[Records excerpted from a collection]
◇ ◇ ◇ ◇ ◇

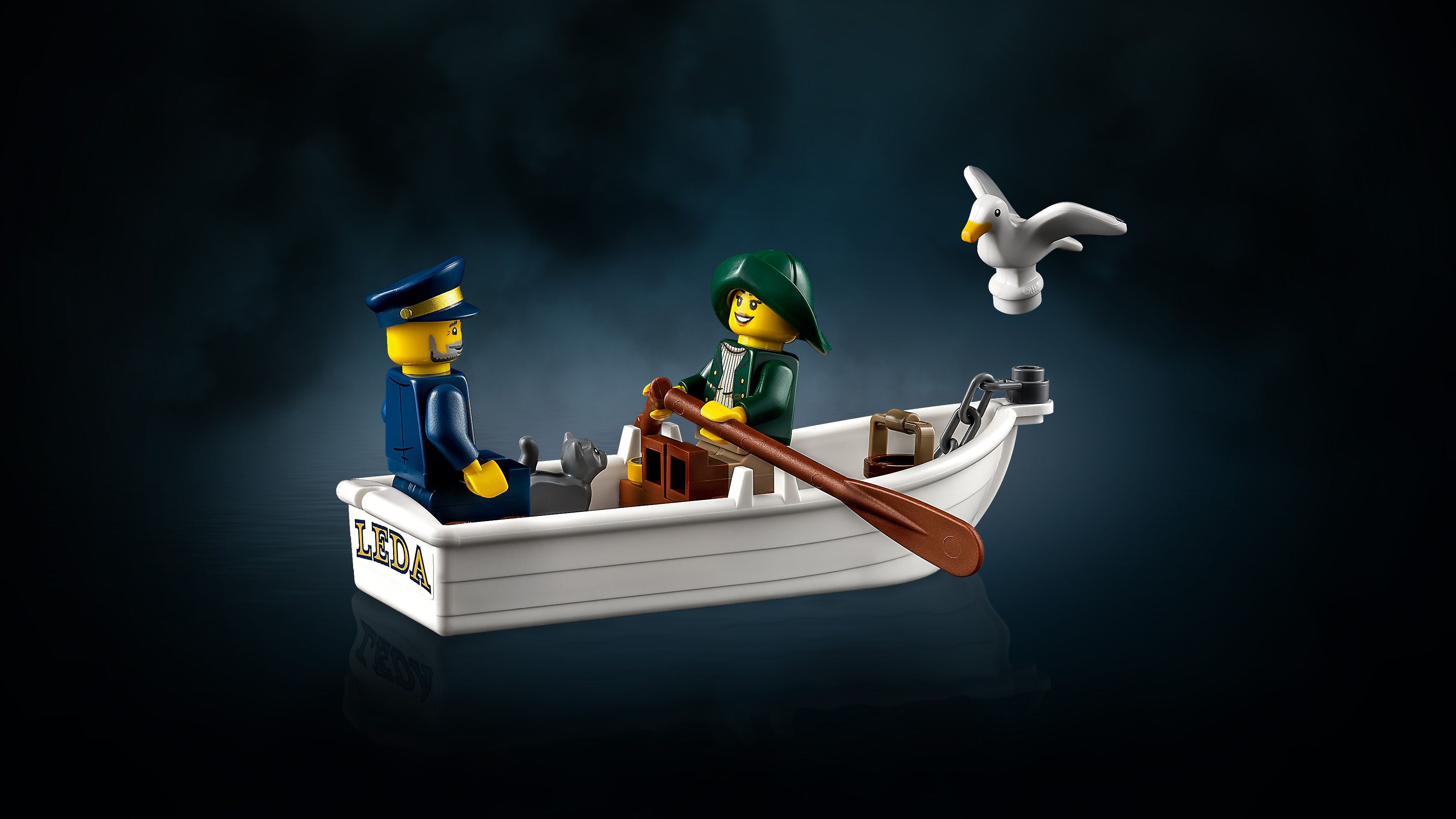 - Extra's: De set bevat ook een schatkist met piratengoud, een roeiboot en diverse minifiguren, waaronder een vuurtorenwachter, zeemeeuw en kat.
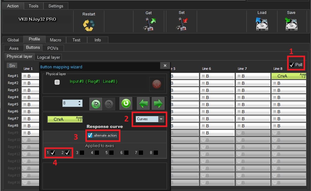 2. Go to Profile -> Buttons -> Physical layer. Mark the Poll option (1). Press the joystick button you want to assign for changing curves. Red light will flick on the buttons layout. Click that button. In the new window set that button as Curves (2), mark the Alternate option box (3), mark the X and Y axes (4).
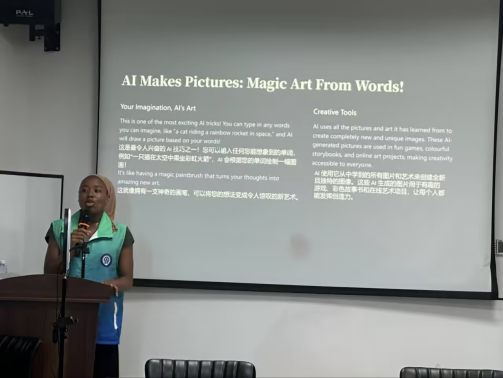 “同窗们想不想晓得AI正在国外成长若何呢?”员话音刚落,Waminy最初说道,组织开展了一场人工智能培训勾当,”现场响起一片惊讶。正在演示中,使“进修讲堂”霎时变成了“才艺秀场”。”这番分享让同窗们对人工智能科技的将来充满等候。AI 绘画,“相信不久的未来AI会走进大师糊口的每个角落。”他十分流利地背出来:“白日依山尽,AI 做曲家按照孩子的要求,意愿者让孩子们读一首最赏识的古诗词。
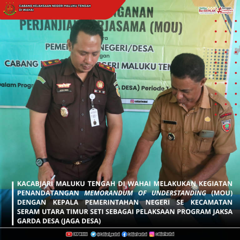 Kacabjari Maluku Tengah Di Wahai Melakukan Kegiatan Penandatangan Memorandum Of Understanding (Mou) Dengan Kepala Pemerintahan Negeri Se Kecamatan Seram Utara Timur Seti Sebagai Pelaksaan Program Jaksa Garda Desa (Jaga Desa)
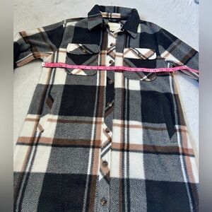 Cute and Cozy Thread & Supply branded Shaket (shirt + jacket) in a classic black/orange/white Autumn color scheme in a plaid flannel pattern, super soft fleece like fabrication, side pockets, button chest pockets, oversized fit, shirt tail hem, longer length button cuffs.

◇ ◇ ◇ ◇ ◇

| Try it |
Repeat the lines exactly, starting with the line that contains "2. Go to Profile" and ending with the last line of the entries. Keep both of those lines but no pictures.

| Answer area |
 2. Go to Profile -> Buttons -> Physical layer. Mark the Poll option (1). Press the joystick button you want to assign for changing curves. Red light will flick on the buttons layout. Click that button. In the new window set that button as Curves (2), mark the Alternate option box (3), mark the X and Y axes (4).
 “同窗们想不想晓得AI正在国外成长若何呢?”员话音刚落,Waminy最初说道,组织开展了一场人工智能培训勾当,”现场响起一片惊讶。正在演示中,使“进修讲堂”霎时变成了“才艺秀场”。”这番分享让同窗们对人工智能科技的将来充满等候。AI 绘画,“相信不久的未来AI会走进大师糊口的每个角落。”他十分流利地背出来:“白日依山尽,AI 做曲家按照孩子的要求,意愿者让孩子们读一首最赏识的古诗词。
 Kacabjari Maluku Tengah Di Wahai Melakukan Kegiatan Penandatangan Memorandum Of Understanding (Mou) Dengan Kepala Pemerintahan Negeri Se Kecamatan Seram Utara Timur Seti Sebagai Pelaksaan Program Jaksa Garda Desa (Jaga Desa)
 Cute and Cozy Thread & Supply branded Shaket (shirt + jacket) in a classic black/orange/white Autumn color scheme in a plaid flannel pattern, super soft fleece like fabrication, side pockets, button chest pockets, oversized fit, shirt tail hem, longer length button cuffs.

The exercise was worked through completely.